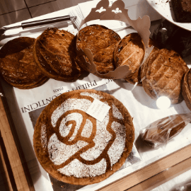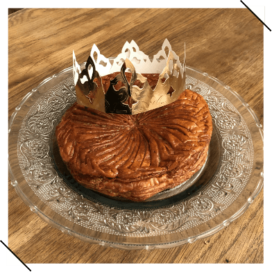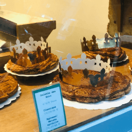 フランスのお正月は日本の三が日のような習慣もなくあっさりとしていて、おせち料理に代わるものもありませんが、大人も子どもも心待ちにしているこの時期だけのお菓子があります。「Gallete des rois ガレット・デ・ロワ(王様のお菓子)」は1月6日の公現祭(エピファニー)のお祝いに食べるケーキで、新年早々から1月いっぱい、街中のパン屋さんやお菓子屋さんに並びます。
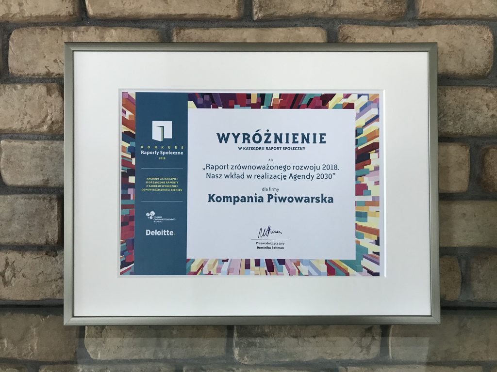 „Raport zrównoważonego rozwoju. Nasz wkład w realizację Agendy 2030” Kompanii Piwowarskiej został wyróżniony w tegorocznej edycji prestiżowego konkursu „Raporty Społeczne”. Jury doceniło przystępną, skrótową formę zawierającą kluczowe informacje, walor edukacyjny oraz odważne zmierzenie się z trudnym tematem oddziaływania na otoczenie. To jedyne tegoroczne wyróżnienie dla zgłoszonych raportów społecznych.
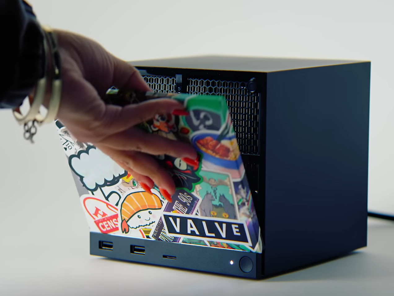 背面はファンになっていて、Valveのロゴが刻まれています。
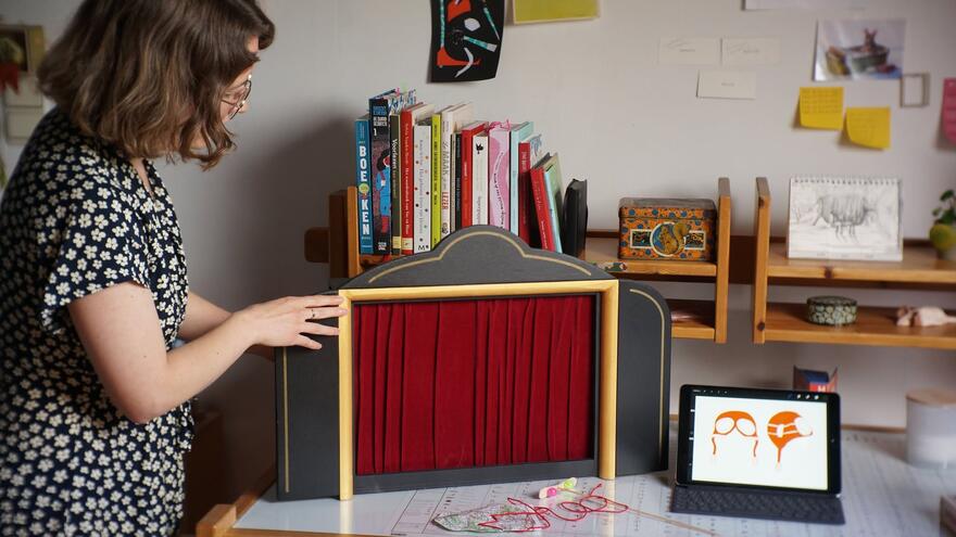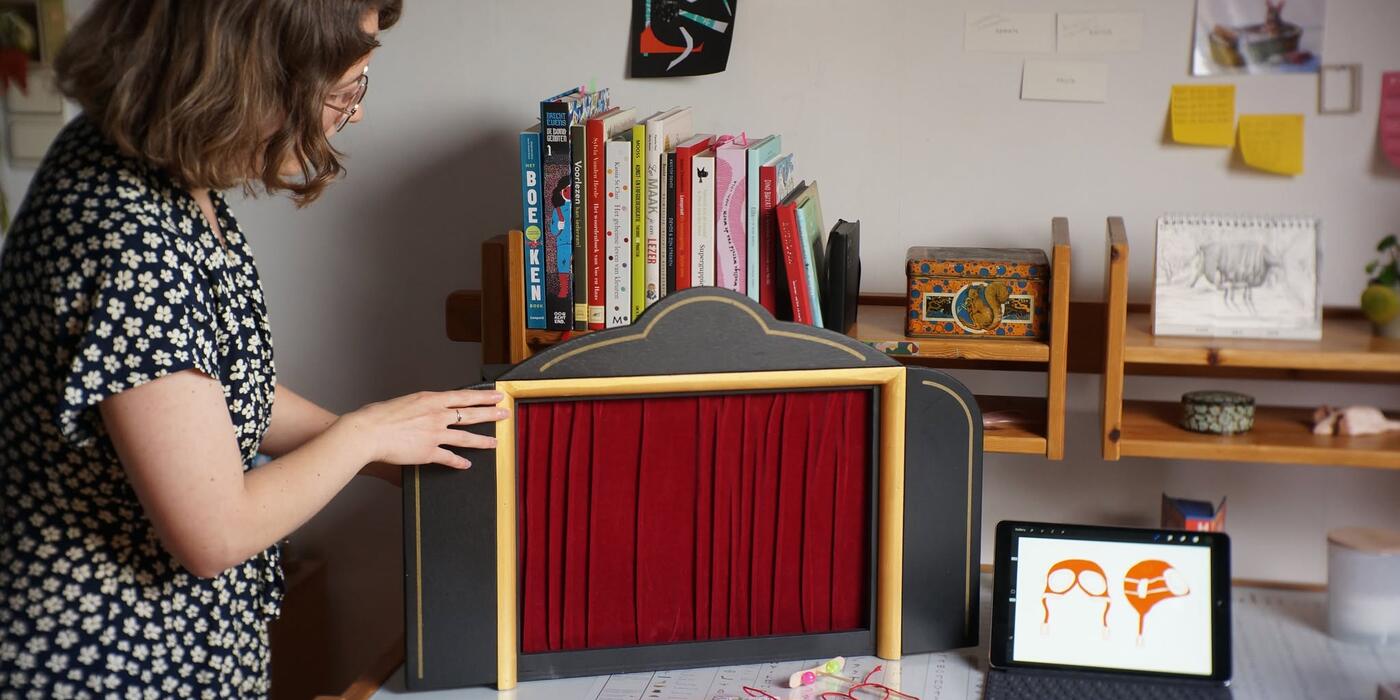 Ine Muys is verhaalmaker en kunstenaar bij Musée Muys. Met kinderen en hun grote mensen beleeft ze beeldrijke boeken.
--
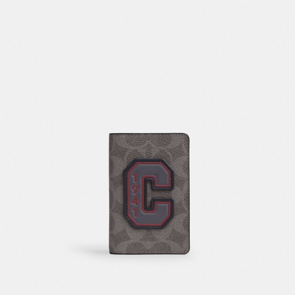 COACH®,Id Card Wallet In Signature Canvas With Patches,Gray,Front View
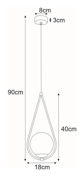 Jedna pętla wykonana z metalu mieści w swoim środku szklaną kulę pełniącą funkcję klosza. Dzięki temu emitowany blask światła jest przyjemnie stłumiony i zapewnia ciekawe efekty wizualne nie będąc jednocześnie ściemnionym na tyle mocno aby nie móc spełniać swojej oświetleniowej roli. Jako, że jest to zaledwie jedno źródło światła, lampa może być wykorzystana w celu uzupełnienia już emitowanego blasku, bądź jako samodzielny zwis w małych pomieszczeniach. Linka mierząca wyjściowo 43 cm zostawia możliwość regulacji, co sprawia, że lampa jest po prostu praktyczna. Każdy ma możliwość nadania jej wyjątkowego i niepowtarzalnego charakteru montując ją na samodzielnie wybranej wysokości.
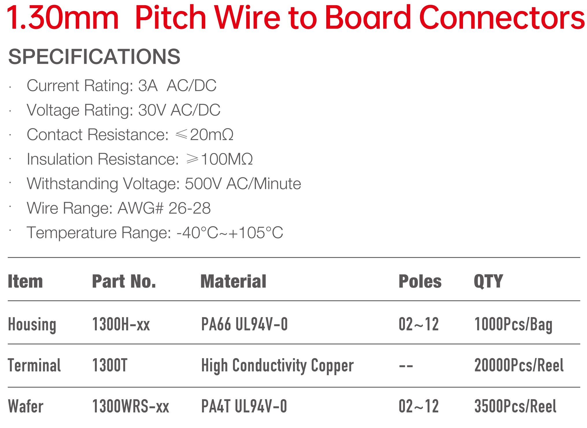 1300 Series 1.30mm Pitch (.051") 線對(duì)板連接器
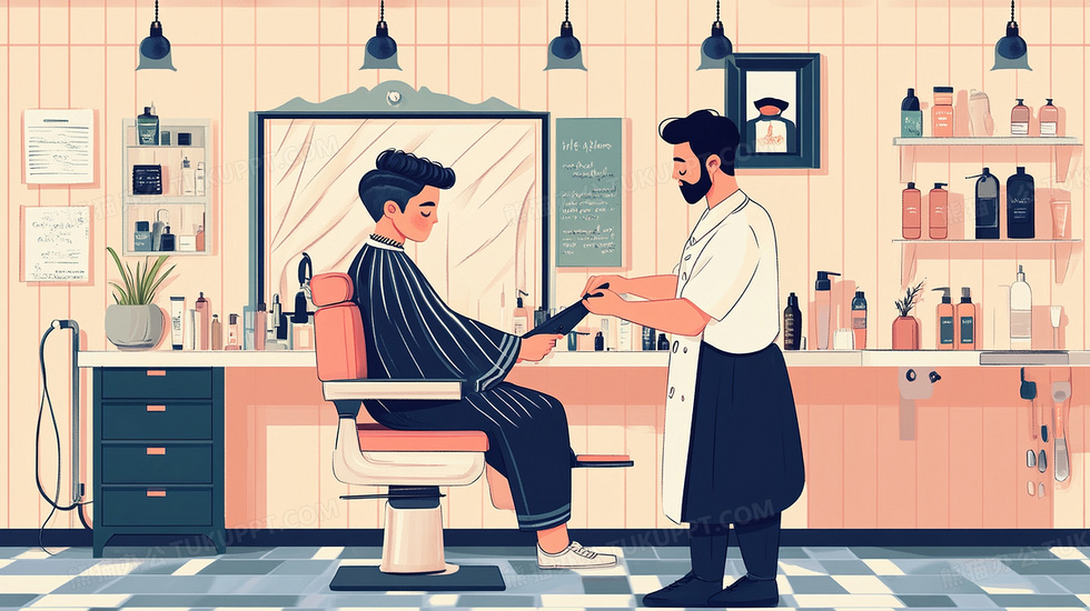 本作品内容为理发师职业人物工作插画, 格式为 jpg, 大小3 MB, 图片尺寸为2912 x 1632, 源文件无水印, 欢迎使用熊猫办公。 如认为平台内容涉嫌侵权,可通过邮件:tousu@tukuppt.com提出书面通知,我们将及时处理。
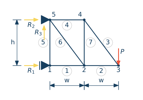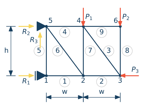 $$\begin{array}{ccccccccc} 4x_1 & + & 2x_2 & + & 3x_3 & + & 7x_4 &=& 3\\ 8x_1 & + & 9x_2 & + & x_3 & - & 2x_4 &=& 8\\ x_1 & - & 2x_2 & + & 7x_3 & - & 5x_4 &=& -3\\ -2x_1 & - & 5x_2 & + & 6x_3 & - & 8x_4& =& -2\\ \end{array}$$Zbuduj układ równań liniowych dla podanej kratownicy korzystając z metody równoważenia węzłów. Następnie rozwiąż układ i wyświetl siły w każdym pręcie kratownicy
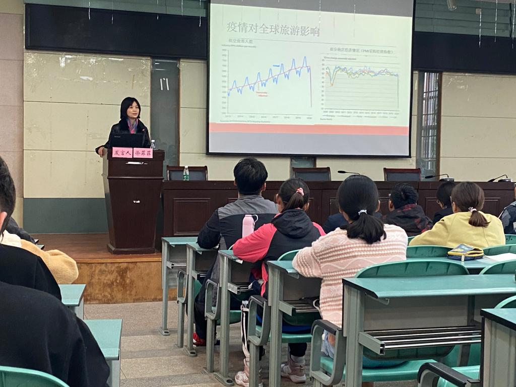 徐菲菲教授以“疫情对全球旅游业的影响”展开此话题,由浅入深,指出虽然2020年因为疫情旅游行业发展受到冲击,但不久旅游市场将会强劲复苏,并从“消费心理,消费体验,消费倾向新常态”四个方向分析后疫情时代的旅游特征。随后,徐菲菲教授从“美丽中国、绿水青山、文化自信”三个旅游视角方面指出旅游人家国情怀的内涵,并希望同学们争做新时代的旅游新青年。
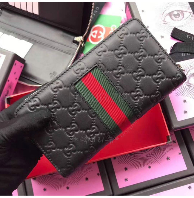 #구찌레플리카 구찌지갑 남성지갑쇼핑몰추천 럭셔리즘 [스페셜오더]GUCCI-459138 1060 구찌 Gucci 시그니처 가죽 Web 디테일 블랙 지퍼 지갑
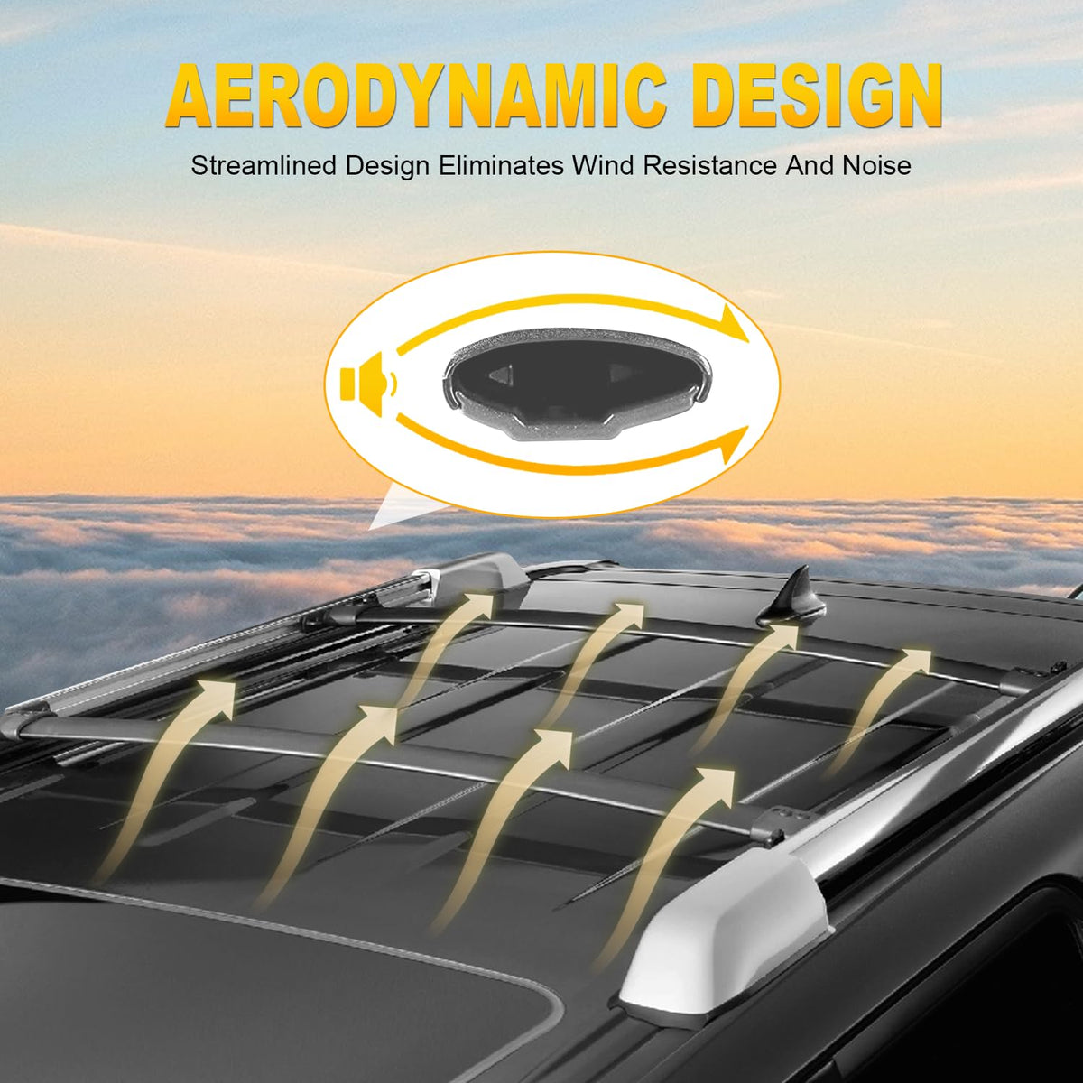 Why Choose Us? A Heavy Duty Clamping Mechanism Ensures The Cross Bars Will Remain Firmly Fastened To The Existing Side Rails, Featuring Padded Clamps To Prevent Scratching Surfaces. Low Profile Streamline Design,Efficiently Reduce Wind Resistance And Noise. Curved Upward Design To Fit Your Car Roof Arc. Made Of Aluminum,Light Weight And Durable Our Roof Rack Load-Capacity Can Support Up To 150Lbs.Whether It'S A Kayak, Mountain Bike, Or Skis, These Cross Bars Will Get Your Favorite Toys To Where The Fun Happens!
---
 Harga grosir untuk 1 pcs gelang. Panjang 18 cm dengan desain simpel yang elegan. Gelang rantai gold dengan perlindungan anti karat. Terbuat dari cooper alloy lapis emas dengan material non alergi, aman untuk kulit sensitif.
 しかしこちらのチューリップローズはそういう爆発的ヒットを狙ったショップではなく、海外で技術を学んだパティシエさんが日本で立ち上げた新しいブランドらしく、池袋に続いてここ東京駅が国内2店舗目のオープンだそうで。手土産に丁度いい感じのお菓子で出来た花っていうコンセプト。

**Task to complete**
Set the pictures aside and transcribe exactly the stretch of lines above, beginning with the one holding "każdym pręcie kratownicy" and ending with the one holding "#구찌레플리카 구찌지갑 남성지갑쇼핑몰추천".

**Exercise result**
 $$\begin{array}{ccccccccc} 4x_1 & + & 2x_2 & + & 3x_3 & + & 7x_4 &=& 3\\ 8x_1 & + & 9x_2 & + & x_3 & - & 2x_4 &=& 8\\ x_1 & - & 2x_2 & + & 7x_3 & - & 5x_4 &=& -3\\ -2x_1 & - & 5x_2 & + & 6x_3 & - & 8x_4& =& -2\\ \end{array}$$Zbuduj układ równań liniowych dla podanej kratownicy korzystając z metody równoważenia węzłów. Następnie rozwiąż układ i wyświetl siły w każdym pręcie kratownicy
 徐菲菲教授以“疫情对全球旅游业的影响”展开此话题,由浅入深,指出虽然2020年因为疫情旅游行业发展受到冲击,但不久旅游市场将会强劲复苏,并从“消费心理,消费体验,消费倾向新常态”四个方向分析后疫情时代的旅游特征。随后,徐菲菲教授从“美丽中国、绿水青山、文化自信”三个旅游视角方面指出旅游人家国情怀的内涵,并希望同学们争做新时代的旅游新青年。
 #구찌레플리카 구찌지갑 남성지갑쇼핑몰추천 럭셔리즘 [스페셜오더]GUCCI-459138 1060 구찌 Gucci 시그니처 가죽 Web 디테일 블랙 지퍼 지갑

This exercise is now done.